→ Task inputs
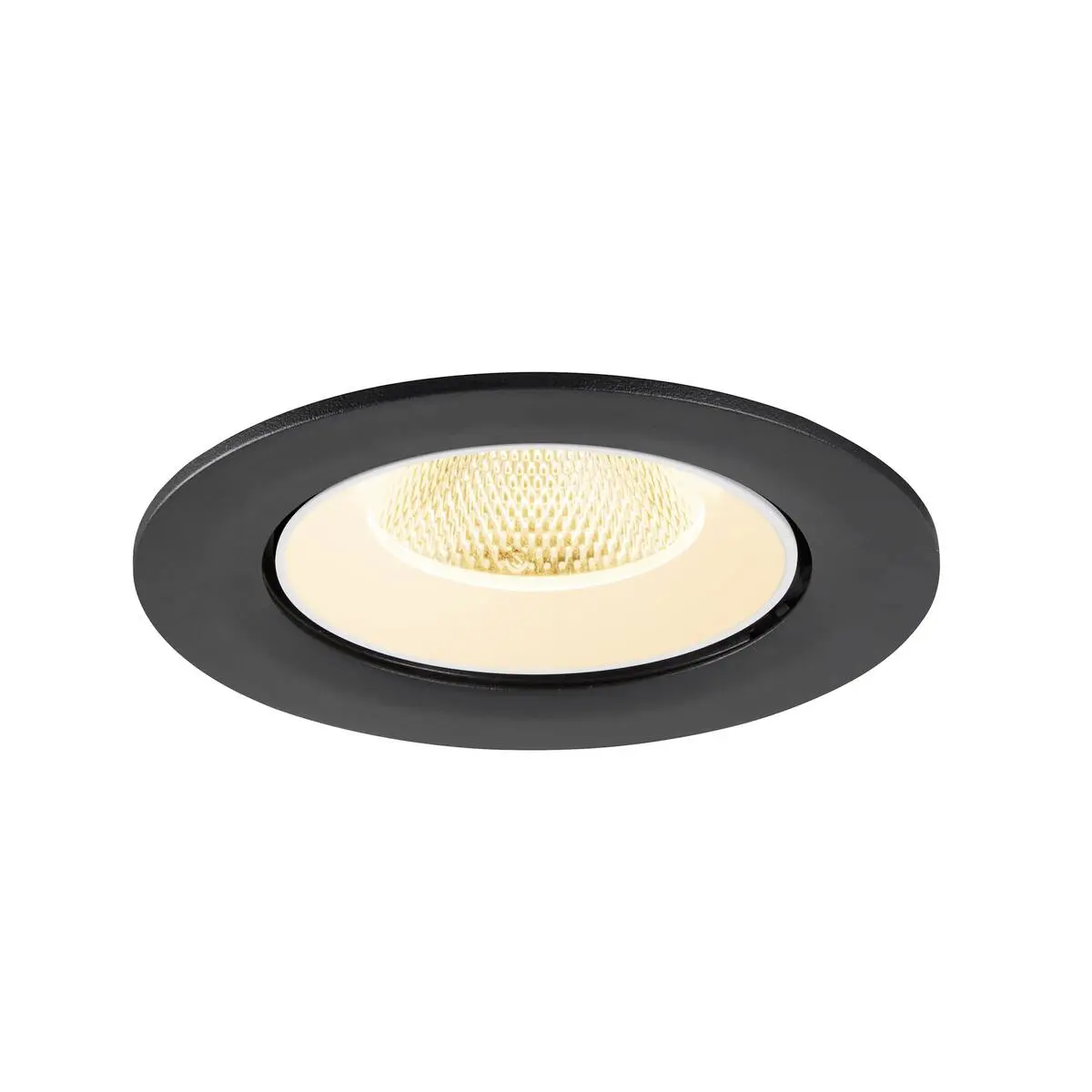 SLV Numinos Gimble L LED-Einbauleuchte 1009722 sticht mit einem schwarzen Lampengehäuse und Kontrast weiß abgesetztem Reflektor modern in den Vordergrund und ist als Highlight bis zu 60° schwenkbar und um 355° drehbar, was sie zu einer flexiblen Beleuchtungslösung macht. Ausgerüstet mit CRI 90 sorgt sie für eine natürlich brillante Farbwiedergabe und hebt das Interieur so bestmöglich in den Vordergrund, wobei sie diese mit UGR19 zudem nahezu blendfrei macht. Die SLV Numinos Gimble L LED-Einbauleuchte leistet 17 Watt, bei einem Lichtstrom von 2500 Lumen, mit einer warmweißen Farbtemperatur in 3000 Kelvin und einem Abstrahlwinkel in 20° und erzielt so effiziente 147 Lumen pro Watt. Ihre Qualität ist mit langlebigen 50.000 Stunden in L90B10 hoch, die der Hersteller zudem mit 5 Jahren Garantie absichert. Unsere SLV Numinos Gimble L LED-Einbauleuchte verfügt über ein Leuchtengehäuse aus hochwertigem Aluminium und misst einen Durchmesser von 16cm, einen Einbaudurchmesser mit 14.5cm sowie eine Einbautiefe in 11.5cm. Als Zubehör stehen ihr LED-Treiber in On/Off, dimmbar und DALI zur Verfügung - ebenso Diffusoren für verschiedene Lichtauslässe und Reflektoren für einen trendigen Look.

* * *

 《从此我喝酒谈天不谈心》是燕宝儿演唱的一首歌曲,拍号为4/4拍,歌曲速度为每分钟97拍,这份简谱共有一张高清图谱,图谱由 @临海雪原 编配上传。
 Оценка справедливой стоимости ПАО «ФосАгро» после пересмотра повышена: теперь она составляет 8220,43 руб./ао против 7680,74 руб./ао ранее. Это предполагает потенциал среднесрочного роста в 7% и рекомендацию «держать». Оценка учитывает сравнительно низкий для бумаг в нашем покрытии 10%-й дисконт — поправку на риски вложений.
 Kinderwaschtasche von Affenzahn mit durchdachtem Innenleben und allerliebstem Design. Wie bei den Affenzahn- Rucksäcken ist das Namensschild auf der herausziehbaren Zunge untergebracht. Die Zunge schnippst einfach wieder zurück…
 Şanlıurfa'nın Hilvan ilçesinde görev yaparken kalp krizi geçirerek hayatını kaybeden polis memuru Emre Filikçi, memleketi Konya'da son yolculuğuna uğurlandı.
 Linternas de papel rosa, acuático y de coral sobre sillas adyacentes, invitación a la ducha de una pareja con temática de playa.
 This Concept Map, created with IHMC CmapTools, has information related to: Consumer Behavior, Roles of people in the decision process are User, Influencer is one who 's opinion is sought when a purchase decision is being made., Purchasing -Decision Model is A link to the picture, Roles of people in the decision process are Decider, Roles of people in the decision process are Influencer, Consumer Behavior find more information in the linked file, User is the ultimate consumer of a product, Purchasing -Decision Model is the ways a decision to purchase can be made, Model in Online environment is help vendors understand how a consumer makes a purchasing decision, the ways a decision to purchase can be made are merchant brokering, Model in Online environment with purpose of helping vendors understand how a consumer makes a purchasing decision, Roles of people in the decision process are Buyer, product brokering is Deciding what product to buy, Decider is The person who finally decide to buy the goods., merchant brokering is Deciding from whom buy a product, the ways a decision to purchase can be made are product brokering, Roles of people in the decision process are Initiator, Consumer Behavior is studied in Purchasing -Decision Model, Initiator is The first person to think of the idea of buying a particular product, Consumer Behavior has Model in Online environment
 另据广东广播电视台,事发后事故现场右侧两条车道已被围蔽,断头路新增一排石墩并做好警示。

→ What is being asked
Looking at the entries above, can you reproduce exactly the lines from the one that holds "Оценка справедливой стоимости" through the one that holds "Şanlıurfa'nın Hilvan ilçesinde", and only those?

→ Result of the exercise
 Оценка справедливой стоимости ПАО «ФосАгро» после пересмотра повышена: теперь она составляет 8220,43 руб./ао против 7680,74 руб./ао ранее. Это предполагает потенциал среднесрочного роста в 7% и рекомендацию «держать». Оценка учитывает сравнительно низкий для бумаг в нашем покрытии 10%-й дисконт — поправку на риски вложений.
 Kinderwaschtasche von Affenzahn mit durchdachtem Innenleben und allerliebstem Design. Wie bei den Affenzahn- Rucksäcken ist das Namensschild auf der herausziehbaren Zunge untergebracht. Die Zunge schnippst einfach wieder zurück…
 Şanlıurfa'nın Hilvan ilçesinde görev yaparken kalp krizi geçirerek hayatını kaybeden polis memuru Emre Filikçi, memleketi Konya'da son yolculuğuna uğurlandı.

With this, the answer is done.